It's hard to let go of Black Caviar
LAST week, Peter Moody was in the back of a cab as it raced along Alison Rd adjacent to Randwick Racecourse on his way to dinner.
LAST week, Peter Moody was in the back of a cab as it raced along Alison Rd adjacent to Randwick Racecourse on his way to dinner.
The driver, who Moody had learnt was originally from Afghanistan, spotted the enormous white marquees at the northern end of the course.
"Black Caviar is coming!" the driver exclaimed. "The famous horse! Black Caviar!"
As Moody recalled in a brutally candid interview with The Daily Telegraph just a week ago: "I never said a word. He didn't know who I was, even though I had been talking about her on the phone the whole time.
Here was a cab driver from Afghanistan, talking about Black Caviar.

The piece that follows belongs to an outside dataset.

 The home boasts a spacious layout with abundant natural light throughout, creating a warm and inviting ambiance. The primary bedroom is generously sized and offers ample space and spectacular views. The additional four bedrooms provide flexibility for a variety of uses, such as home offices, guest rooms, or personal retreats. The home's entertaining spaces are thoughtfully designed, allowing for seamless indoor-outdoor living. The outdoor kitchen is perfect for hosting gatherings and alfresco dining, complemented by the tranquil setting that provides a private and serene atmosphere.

I thought, 'F ... me.'"
Many were left thinking the same thing yesterday afternoon when an emotional Moody and owner Neil Wherrett broke the news that the diva of Australian turf would be immediately retired.

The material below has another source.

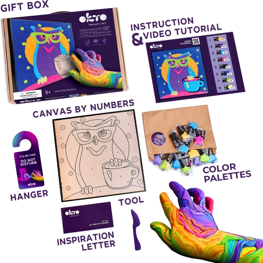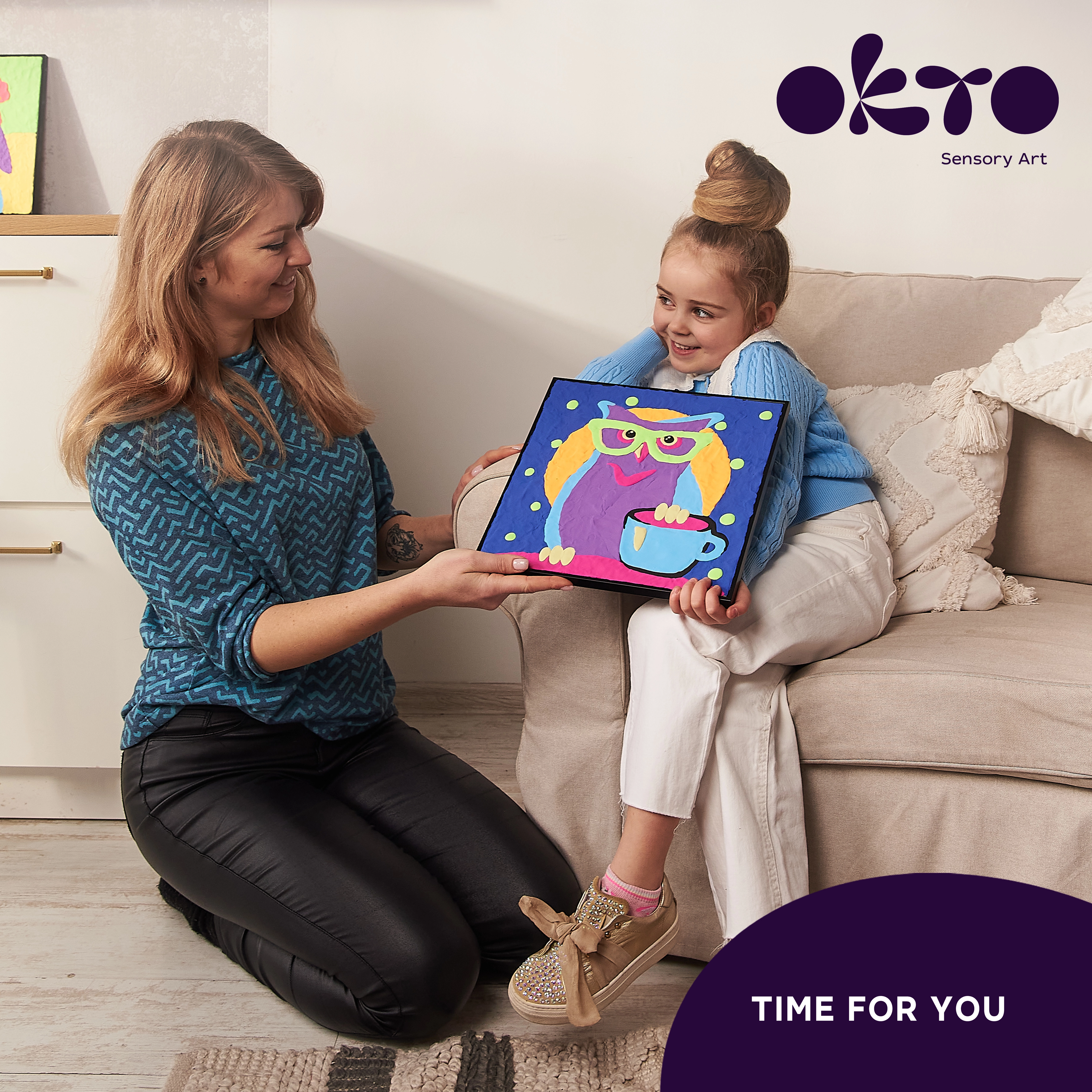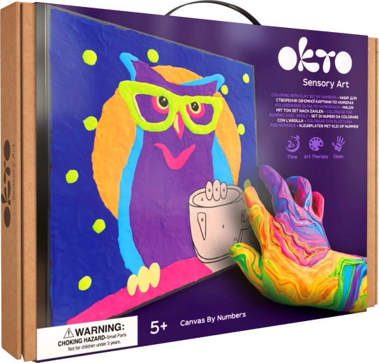 OKTO Sova výtvarná sada. Samotvrdnoucí hmota (air clay), malování prsty. Velikost plátna 29x29 cm. Obsah balení - plátno, obrázkový návod, tvarovací nástroje, samotvrdnoucí hmota.

I'm not entirely surprised.
Moody never grew tired of discovering how popular his mare was, and he was genuinely stunned by the reaction of the Sydney cabbie, the like of which often don't know the way to the Opera House let alone anything about a champion racehorse from Melbourne.
But when I met Moody over a couple of beers at the Inglis yearling sales in Sydney last Wednesday, he certainly appeared exhausted because of the unyielding pressure of preserving Black Caviar's unbeaten record.
This line is still ringing in my ears about the prospect of the day that she was ever beaten: "The owners will be called greedy and I'll be kicked to death for being a mug."
Three days later, the marquees the cab driver referred to were brimming with racegoers in their finery, well lubricated from the free champagne and beer.
When the ninth and last event of the day came round, as autumn sun sunk behind us, Black Caviar made her way out on to the course proper for the TJ Smith.
The well-to-do in the Members Lounge jammed the seating in the new grandstand, holding up their camera phones to take photos and video like they were at a Justin Bieber concert.
That was the influence Black Caviar had.
She infected all walks of life, of all ages, and excited them about a sport that is increasingly viewed as nothing more than another means of wagering your hard earned.
She reminded everyone about the romanticism of the track. That it is foremost a sport, not an industry.
That is why Moody talked up his mare whenever required, even if she brought increasing pressure.
"I feel an obligation to the industry and the race clubs to do my promotion," he said. "But the non-racing media aren't as educated as the racing media. I feel like saying give me your number and I'll call you at 3.05am in the morning."
Now you have to wonder how much longer Moody will train with Black Caviar about to slip out of his life. He has said before he won't be doing this for life like Bart or Gai, and theorised in our interview the idea of becoming a "substitute trainer" for those horsemen and women who might want to sleep in beyond 3am once in a while.
There is also his young family.
When I asked how his wife Sarah dealt with the other woman in their lives, the trainer said: "She's over it. My family didn't come to England last year because they knew it would be a shitfight."
Black Caviar was a migraine Peter Moody was more than happy to endure, but you sense he is now ready to return to a life where he doesn't live in constant fear of the one thing an entire nation dreaded.
The day she was beaten.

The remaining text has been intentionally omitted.